# [Exercise goal]
The answer must be the lines from the one that holds "Regimental stein, .5L, 12.4″" through the final line of the data, copied exactly, with no pictures.

[Opening Extracted data section]

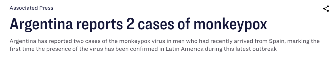 据阿根廷卫生部声明中所称,在提到阿根廷的第一起猴痘病例时指出,聚合酶连锁反应(PCR)的检测结果是阳性,患者情况良好,曾有密切接触的人都在临床和流行病学的监控下,目前为止并没有症状。
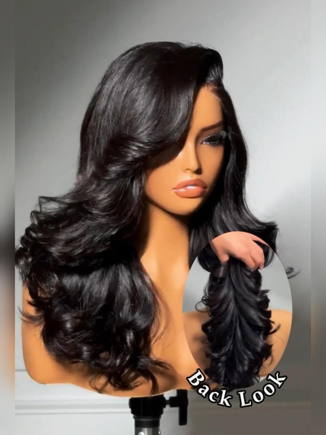 UNice Bye-Bye Slip™ Wig Feathered Layer Left Side Part 200% Density Wig with Secure Silicone Strips and Drawstring
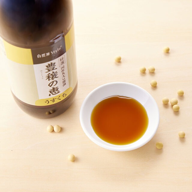 好評の自然派Style特選丸大豆醤油「豊穣の恵」のこだわりそのままの、うす口醤油です。「低温熟成製法」で発酵後期のもろみを徹底管理することで、旨みと香りを損なわずに、色だけを淡く仕上げました。
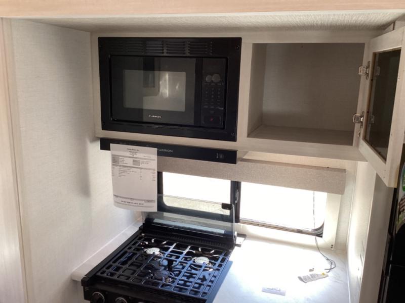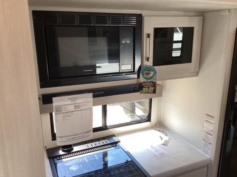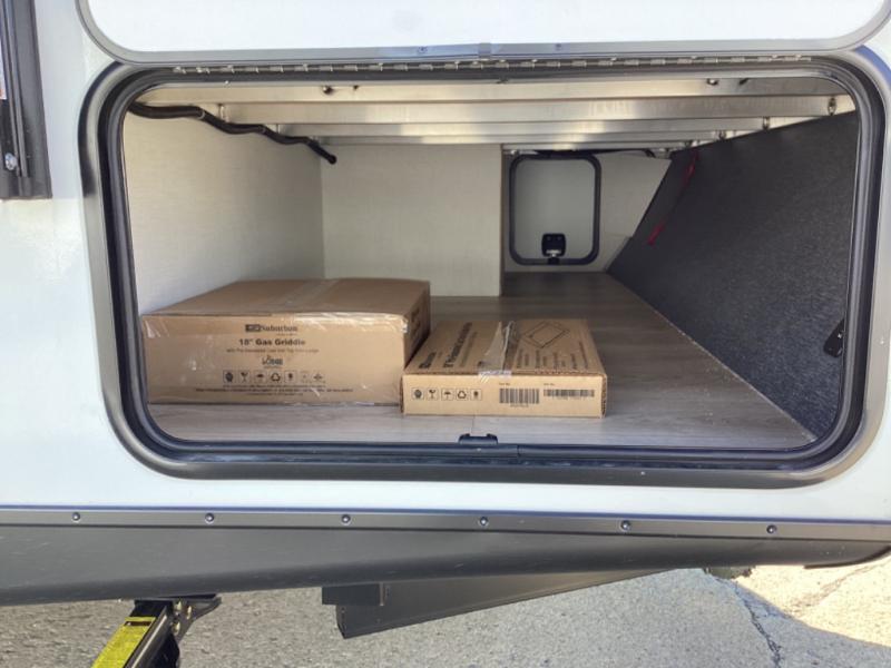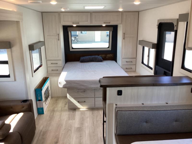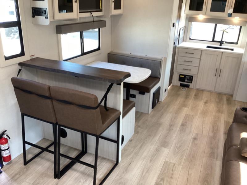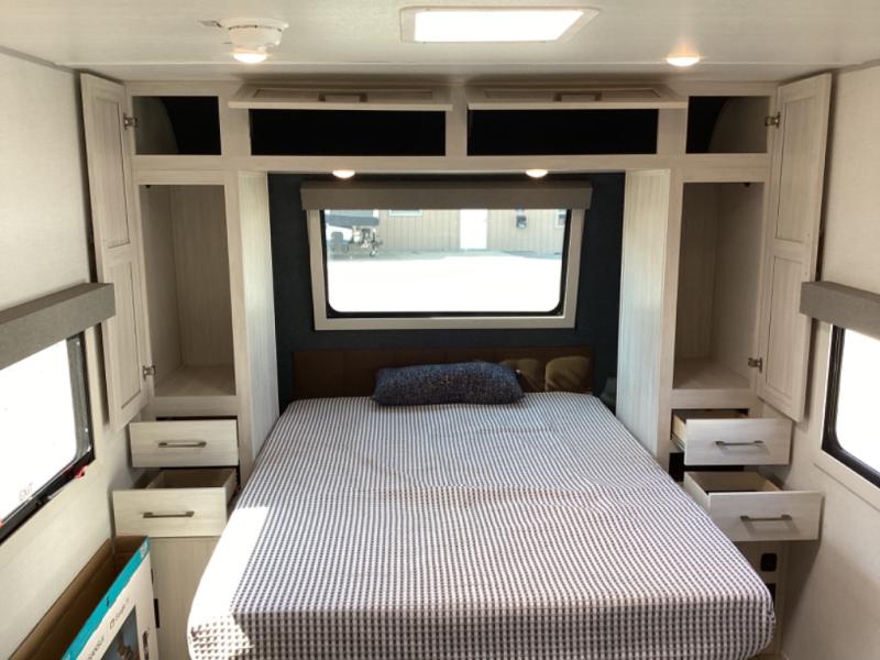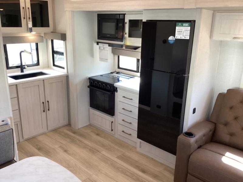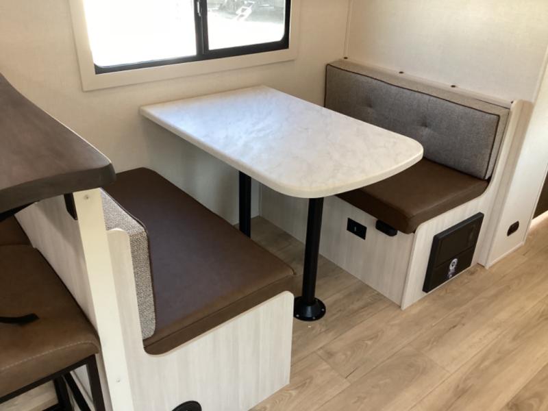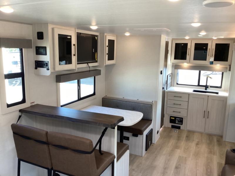 You'll love camping and spending time with loved ones in this spacious travel trailer. The 18' power awning with LED lights can be set up once you arrive at the campground, and you can unload camp gear from the pass-through storage. Head inside to make lunch on the residential range top or in the microwave oven. There is a booth dinette and tri-fold sofa for seating space, plus an additional counter with bar stools beside the dinette. A full bath onboard lets you clean up each day, and the front queen bed is sure to bring a great night's rest. There are also dual wardrobes to keep your space tidy and overhead storage for even more belongings.
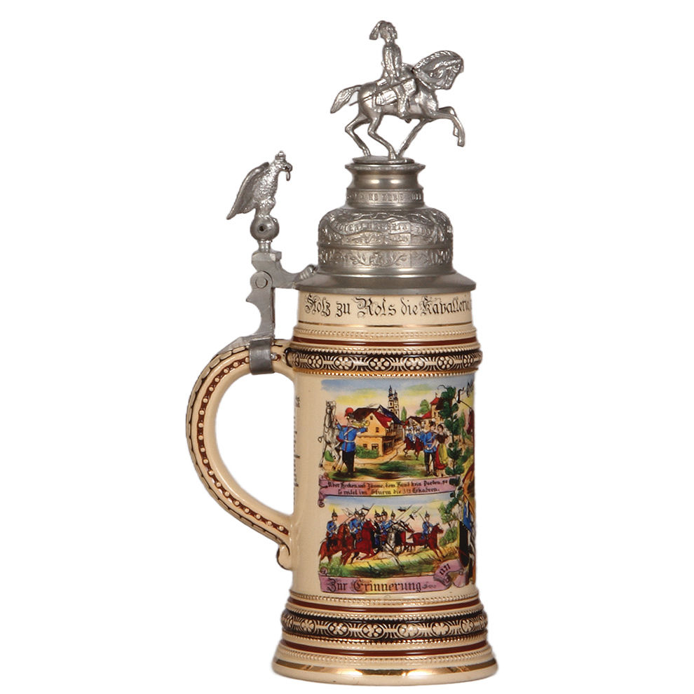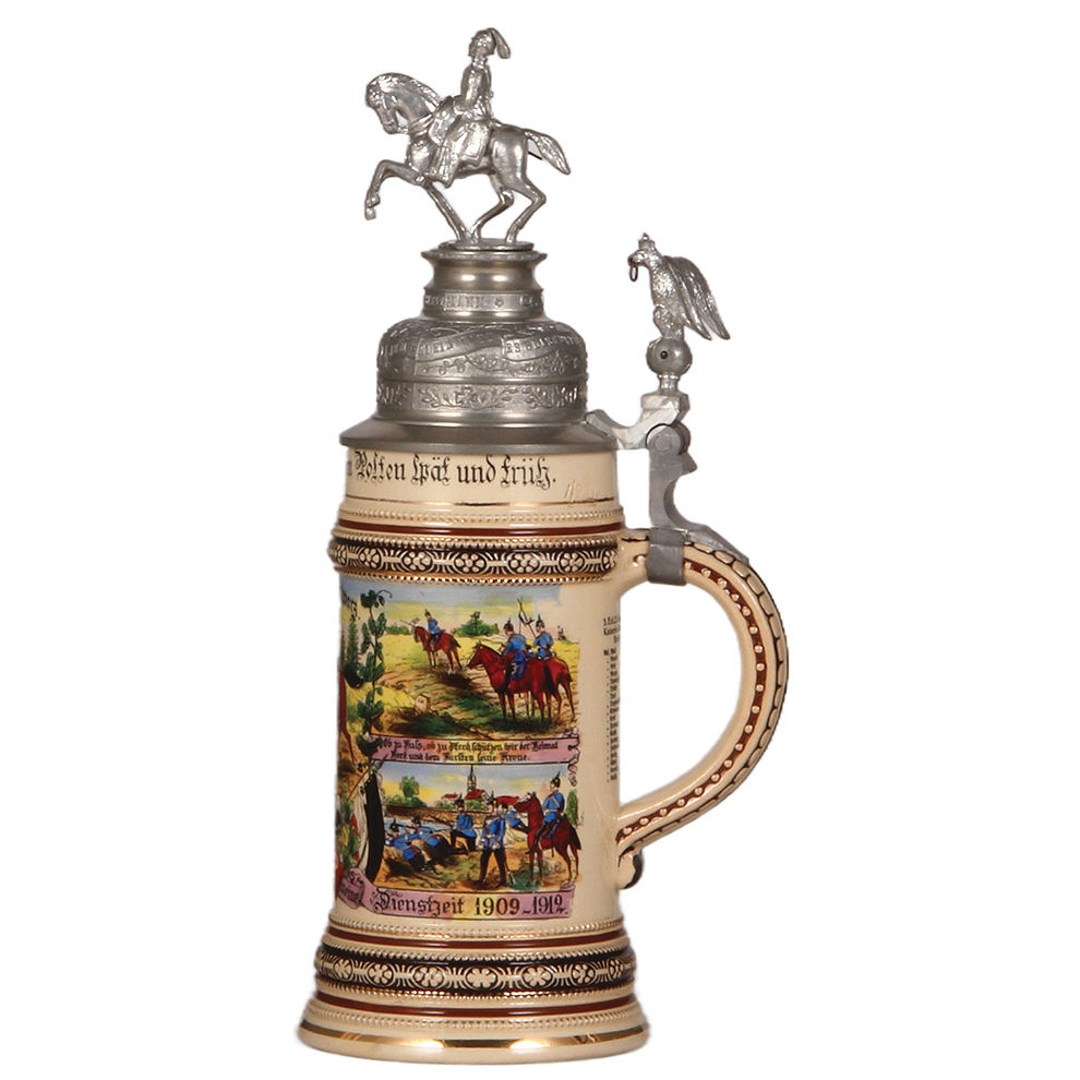 Regimental stein, .5L, 12.4″ ht., pottery, 3. Esk., 2. Garde Drag. Regt., Berlin, 1909 – 1912, four side scenes, roster, eagle thumblift, named to: Otto Schwarz, mint.
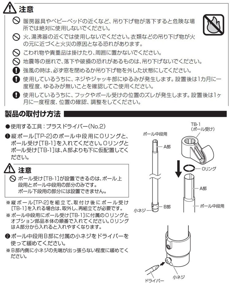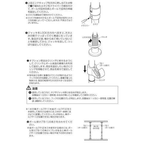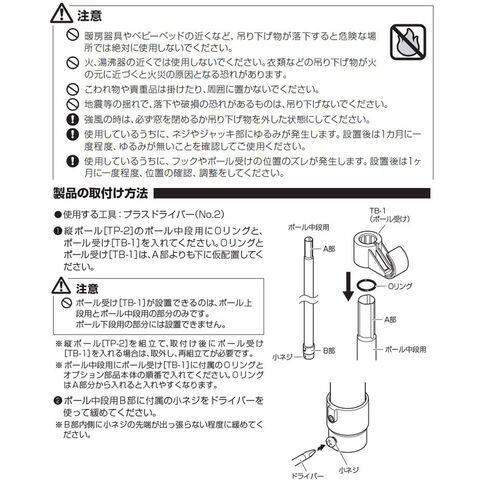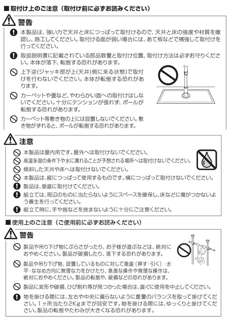 つっぱり棒を設置する際は、必ず取扱説明書をよく読んでから設置してください。

[Closing Extracted data section]

# [Exercise answer]
 Regimental stein, .5L, 12.4″ ht., pottery, 3. Esk., 2. Garde Drag. Regt., Berlin, 1909 – 1912, four side scenes, roster, eagle thumblift, named to: Otto Schwarz, mint.
 つっぱり棒を設置する際は、必ず取扱説明書をよく読んでから設置してください。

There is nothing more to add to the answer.